For example, if the goal is to schedule and book a multi-leg international trip, an agentic AI independently searches for flights, compares prices, adjusts the itinerary based on preferences, and makes the bookings, all without needing a person to micromanage each step. The key is that the agent reasons about the goal and autonomously decides the intermediate steps to reach it. 

This stands in contrast to simpler AI tools that might assist with individual tasks but lack the initiative or reasoning to accomplish a multi-step objective. In summary, agentic AI tools are proactive problem-solvers: Once a goal is set, they continuously ask “What should I do next to get closer to that goal?” and act accordingly.

How agentic AI works

Under the hood, agentic AI systems are composed of autonomous software components known as agents. Each agent is designed with certain abilities and a specific purpose, and they operate together, sometimes in coordination with human-provided instructions or other agents, to tackle complex tasks. These agents draw from large amounts of data and use advanced AI techniques to make decisions. 

Yehoshua describes how agentic assistants today go beyond static tools and enter a more dynamic relationship with data and users. "Let’s say you found a doc and you want to summarize it, or there’s data that needs to be analyzed.
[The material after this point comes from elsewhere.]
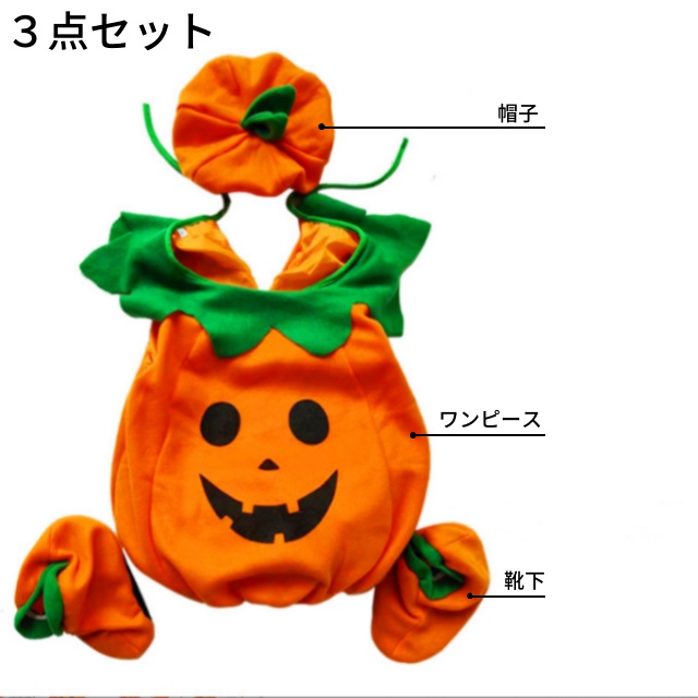 送料無料 冬新作 ハロウィン 衣装 子供 女の子 男の子 コスプレ かぼちゃ 仮装 3点セット オールインワン 帽子 靴カバー 赤ちゃん ベビー ハロウィン衣装 パーティー 演出服 可愛い

That’s where we are now, with chatbots and starting to get more assistance."

Key technologies supporting agentic AI include:

• Machine learning models, especially deep learning neural networks

• Natural language processing to understand instructions or communicate

• Knowledge representation systems that allow an agent to model its environment and context.

Agentic AI often uses large language models (LLMs) as a reasoning engine to help specify tasks and propose solutions in a human-like way. In combination with other specialized models or algorithms, the LLM guides the agent’s decision-making process for planning and problem-solving.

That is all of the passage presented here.